Docente: Ilonka Dilvânio de Assis e Costa PhD

Universidade Agostinho Neto


Faculdade de Ciências Sociais

Luanda
2023
INTRODUÇÃO

Como trabalho avaliativo para o módulo «problemas políticos contemporâneos» do curso


de Mestrado em Ciência Política e Administração Pública da Faculdade de Ciências Sociais
da Universidade Agostinho Neto, cujo docente é o Doutor Ilonka Dilvânio de Assis e Costa.
Apresentamos neste trabalho, uma recensão crítica do artigo «O ocidente visto pelo
mundo» de autoria do Sociólogo português, Boaventura de Sousa Santos, segundo o
seu site de internet¹, o autor de vários livros e numerosos artigos sobre sociologia política,
sociologia do direito, epistemologia, movimentos sociais, globalização etc. Onde podemos
destacar «a transição em Angola» publicada a 1 de Agosto de 2008. O artigo sobre o qual
realizamos esta recensão crítica, foi publicado pelo jornal português Diário de Notícias a 05
de Março de 2023, contendo originalmente 3 páginas. Com uma visão menos apaixonada
e mais criticamente construtiva do ocidente, neste artigo, Boaventura apresenta uma
alternativa a percepção ocidental dos problemas mundiais contemporâneos, alertando
sobre as transformações sociais que o ocidente, e em particular a Europa, devem aceitar
nas novas relações com o mundo.

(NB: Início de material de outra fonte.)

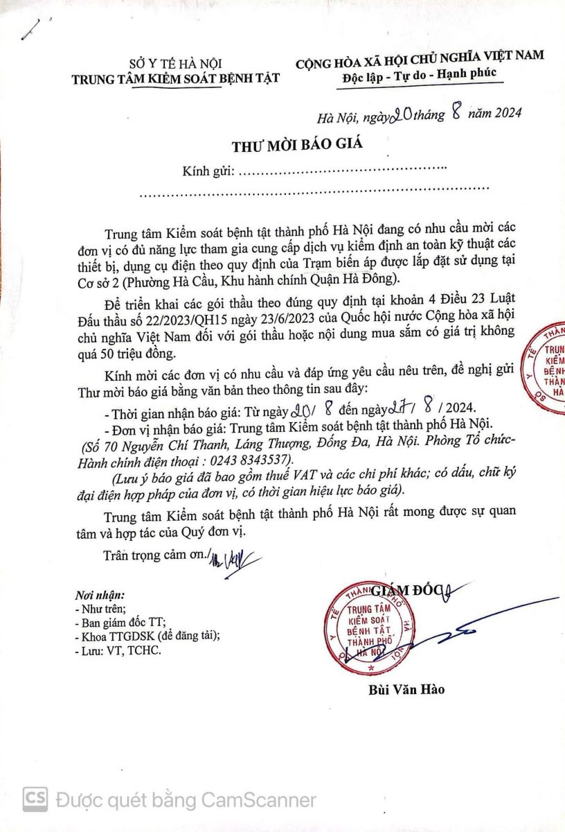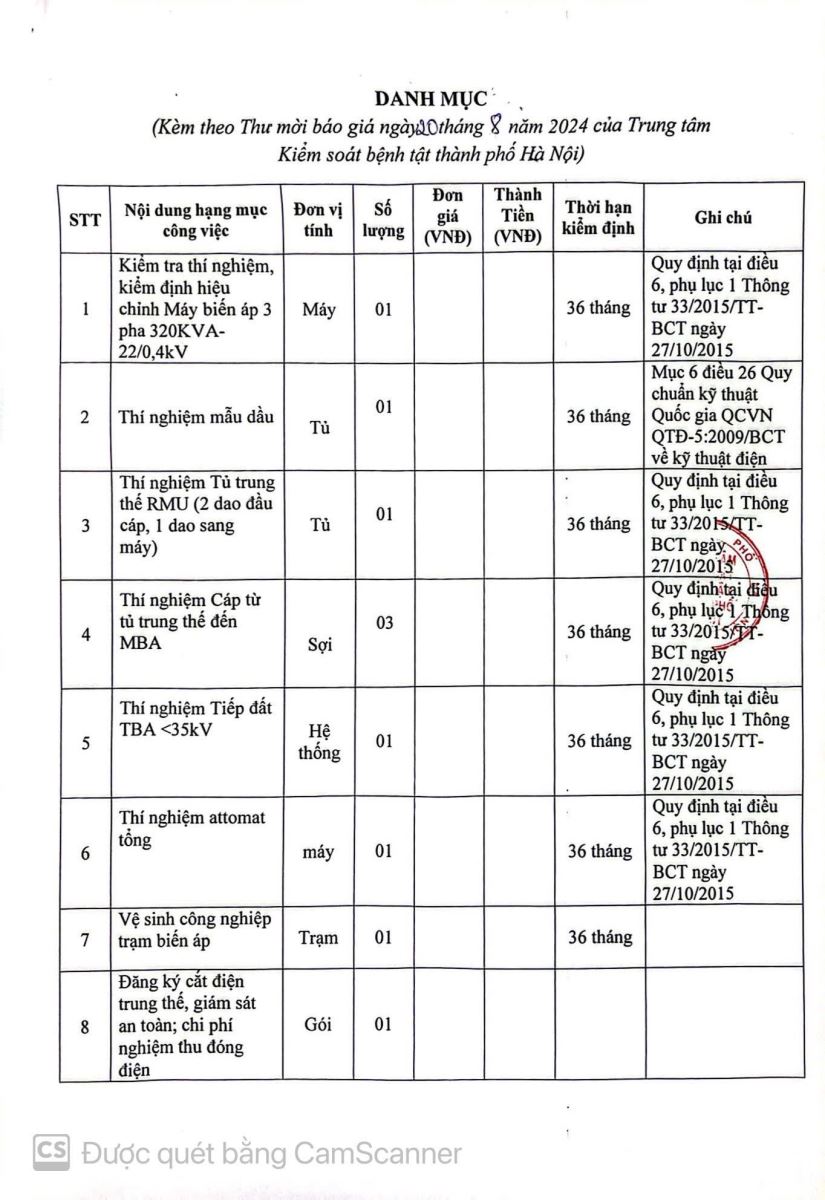 Thư mời báo giá cung cấp dịch vụ kiểm định an toàn kỹ thuật các thiết bị, dụng cụ điện theo quy định của Trạm biến áp được lắp đặt sử dụng tại Cơ sở 2

Tendo em conta o que a imprensa europeia e demais
ocidentais veiculam sobre o relacionamento do ocidente com o resto do mundo, baseado
quase sempre em uma visão eurocêntrica ou mesmo «ocidencentrica»², o autor destaca-
se pela sua frontalidade, realismo e crítica construtiva. Sua reconhecida originalidade,
objectividade e pragmatismo, incluso lhe valeram inúmeros prémios e reconhecimentos a
nível europeu e mundial, em referência o título de Doutor Honoris Causa em várias
Universidades na Europa e nas Américas.

Em livros, colunas de jornais e revistas e demais artigos de opinião, feito por autores
ocidentais, é comum encontrar reproduções e reafirmações das políticas voltadas para o
domínio incessante do ocidente e a subjugação do resto do mundo aos seus ideais, com a
chamada ocidentalização. Propaga-se incessantemente a ideia de que, tem o mundo que
aprender e seguir o exemplo do ocidente. Como de costume em suas obras, Boaventura
Santos, reforça neste artigo, a tese de que, a dinâmica dos novos tempos exige uma postura
diferente do ocidente face ao seu relacionamento com o resto do mundo, e propõe que seja
a Europa a começar a aprender com o mundo.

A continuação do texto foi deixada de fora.